WHAT IS BEING ASKED
Repeat exactly, and nothing more, the lines from the one that includes "The NULS team" through the final line of the entries; skip the pictures.

DATA SUPPLIED
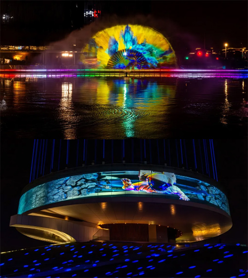 在鄭州如意湖和龍湖上,光影與水共同流動出城市的無限活力,十二道水幕騰空而起,二七塔、大玉米、中原福塔,那些關于鄭州的印記映在朦朧的水幕上,環形建筑上,投影精細勾勒,奉上影像美學與城市文化的交響曲,人們乘運船攬勝,遠眺近觀皆是美景。
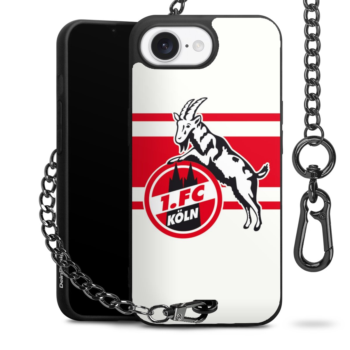 Die Handyhülle verfügt über eine mittig am unteren Rand platzierte Öse, an der die Metallkette stabil befestigt ist. Bestelle die Hülle einfach für Dein Smartphone-Modell, dann passt sie wie angegossen und Du brauchst sie bloß einmal anzudrücken. Handy in die Tasche, Karabiner an den Hosenbund – schon kann die Party starten.
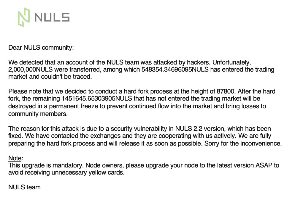 The NULS team confirmed the attack in a tweet posted this morning. In total, two million NULS ($480,000) were taken.
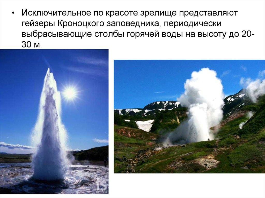 • Исключительное по красоте зрелище представляютгейзеры Кроноцкого заповедника, периодически
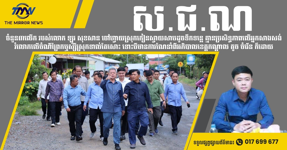 «ស.ជ.ណ»ចំនួន៣លើក របស់លោក ឡូវ សុខសាន​ ចៅហ្វាយស្រុកកៀនស្វាយសាបដូចទឹកទន្លេ គ្មានប្រសិទ្ធភាពលើអ្នកសាងសង់រំលោភលើចំណីព្រែកឬស្សីស្រុកទាល់តែសោះ ទោះបីមានការណែនាំពីអភិបាលខេត្តកណ្ដាល គួច ចំរើន ក៏ដោយ
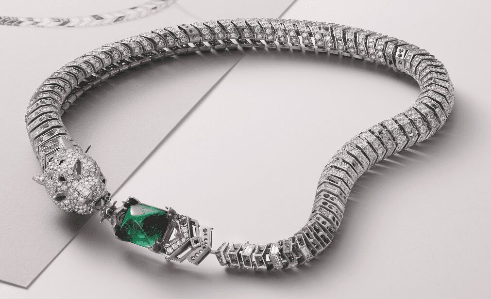 Animal emblématique de la maison, la panthère se dévoile ici sous diverses formes, se transformant en un bijou transformable. S’enroulant avec élégance autour du cou, le fauve se révèle le gardien d’une somptueuse émeraude de Zambie de 10,10 carats. Une création audacieuse, qui illustre une fois de plus le savoir-faire d’exception de Cartier lorsqu’il s’agit d’honorer le règne animal.
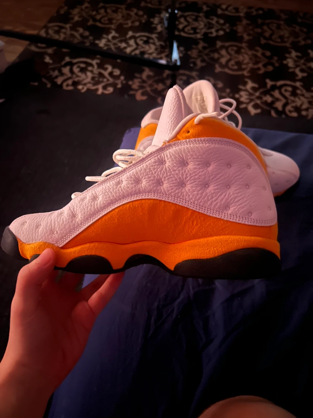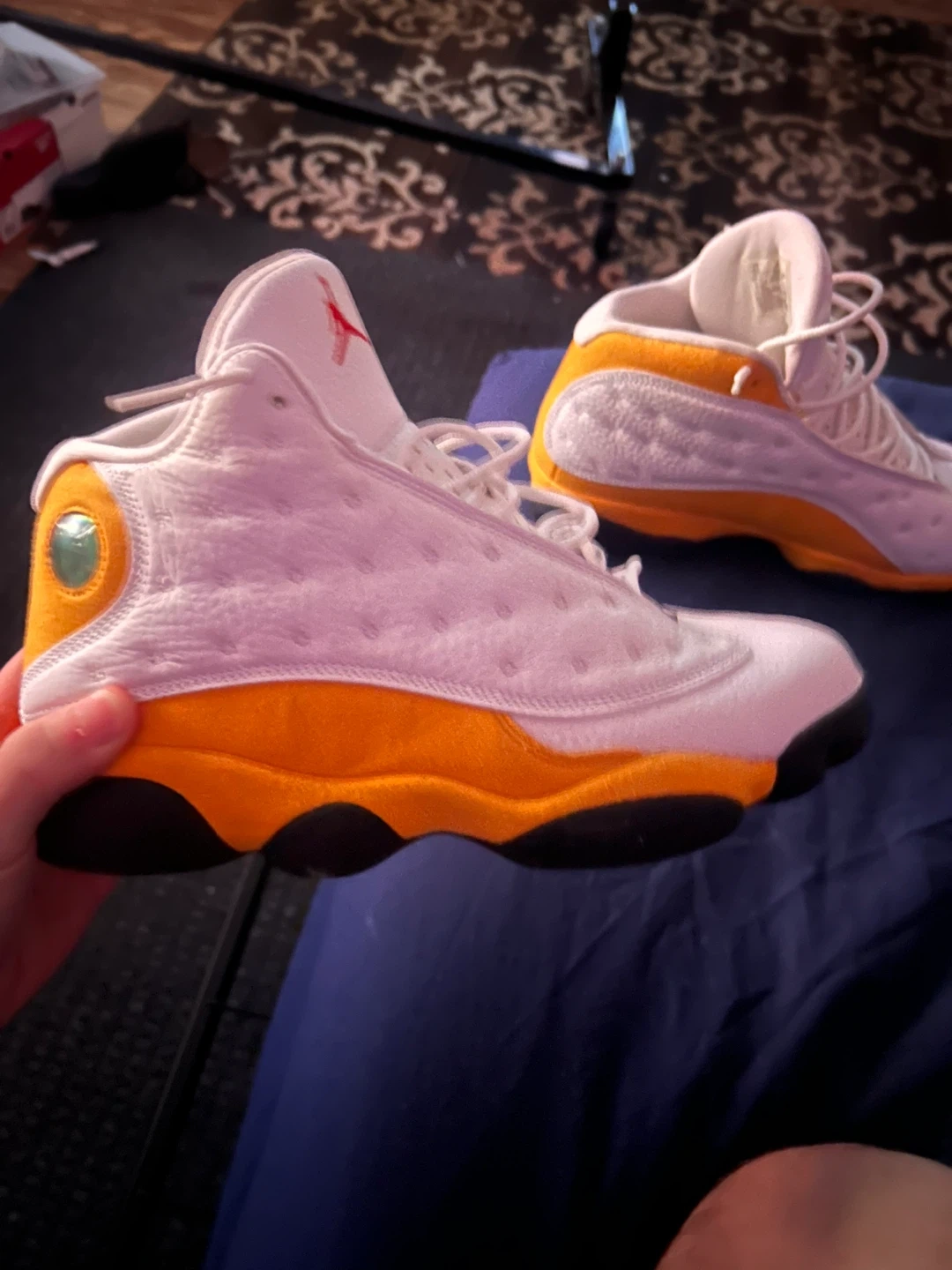 White leather Air Jordan 13 Retro sneakers with yellow accents. These athletic shoes feature a classic lace-up closure and a rubber sole.
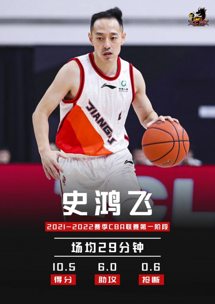 史鸿飞作为老将,凭借丰富的比赛经验和对比赛的阅读,在第一阶段场均贡献6次助攻,是球队的大脑和节奏掌控者,同时也是球队的第二得分点。无论是在训练中还是比赛时,史哥都会和年轻球员们多沟通,为他们创造出手机会,在与四川队的比赛中,他共送出9次助攻,决胜时刻更是命中关键三分,将分差进一步扩大,最终带队取得胜利!
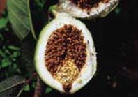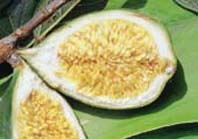 愛玉的盛產期為每年農曆10月~12月,成熟時形似青芒果(圖7),摘下後,削去青皮,再將果實縱割一刀,要深及核果,置曬棚架上曝曬一天,直到變軟;再將其果實沿著縫輕輕向外翻,翻皮後,再繼續曝曬3到6日,其曝曬時須核果朝下,凹皮朝上,直至核果基部充分乾燥,期間不可受雨水、露水浸潤,待乾燥後,收好密封即是市面上販售的愛玉子(圖8),而購買者再加工製成愛玉凍。

WRITTEN RESPONSE
 The NULS team confirmed the attack in a tweet posted this morning. In total, two million NULS ($480,000) were taken.
 • Исключительное по красоте зрелище представляютгейзеры Кроноцкого заповедника, периодически
 «ស.ជ.ណ»ចំនួន៣លើក របស់លោក ឡូវ សុខសាន​ ចៅហ្វាយស្រុកកៀនស្វាយសាបដូចទឹកទន្លេ គ្មានប្រសិទ្ធភាពលើអ្នកសាងសង់រំលោភលើចំណីព្រែកឬស្សីស្រុកទាល់តែសោះ ទោះបីមានការណែនាំពីអភិបាលខេត្តកណ្ដាល គួច ចំរើន ក៏ដោយ
 Animal emblématique de la maison, la panthère se dévoile ici sous diverses formes, se transformant en un bijou transformable. S’enroulant avec élégance autour du cou, le fauve se révèle le gardien d’une somptueuse émeraude de Zambie de 10,10 carats. Une création audacieuse, qui illustre une fois de plus le savoir-faire d’exception de Cartier lorsqu’il s’agit d’honorer le règne animal.
 White leather Air Jordan 13 Retro sneakers with yellow accents. These athletic shoes feature a classic lace-up closure and a rubber sole.
 史鸿飞作为老将,凭借丰富的比赛经验和对比赛的阅读,在第一阶段场均贡献6次助攻,是球队的大脑和节奏掌控者,同时也是球队的第二得分点。无论是在训练中还是比赛时,史哥都会和年轻球员们多沟通,为他们创造出手机会,在与四川队的比赛中,他共送出9次助攻,决胜时刻更是命中关键三分,将分差进一步扩大,最终带队取得胜利!
 愛玉的盛產期為每年農曆10月~12月,成熟時形似青芒果(圖7),摘下後,削去青皮,再將果實縱割一刀,要深及核果,置曬棚架上曝曬一天,直到變軟;再將其果實沿著縫輕輕向外翻,翻皮後,再繼續曝曬3到6日,其曝曬時須核果朝下,凹皮朝上,直至核果基部充分乾燥,期間不可受雨水、露水浸潤,待乾燥後,收好密封即是市面上販售的愛玉子(圖8),而購買者再加工製成愛玉凍。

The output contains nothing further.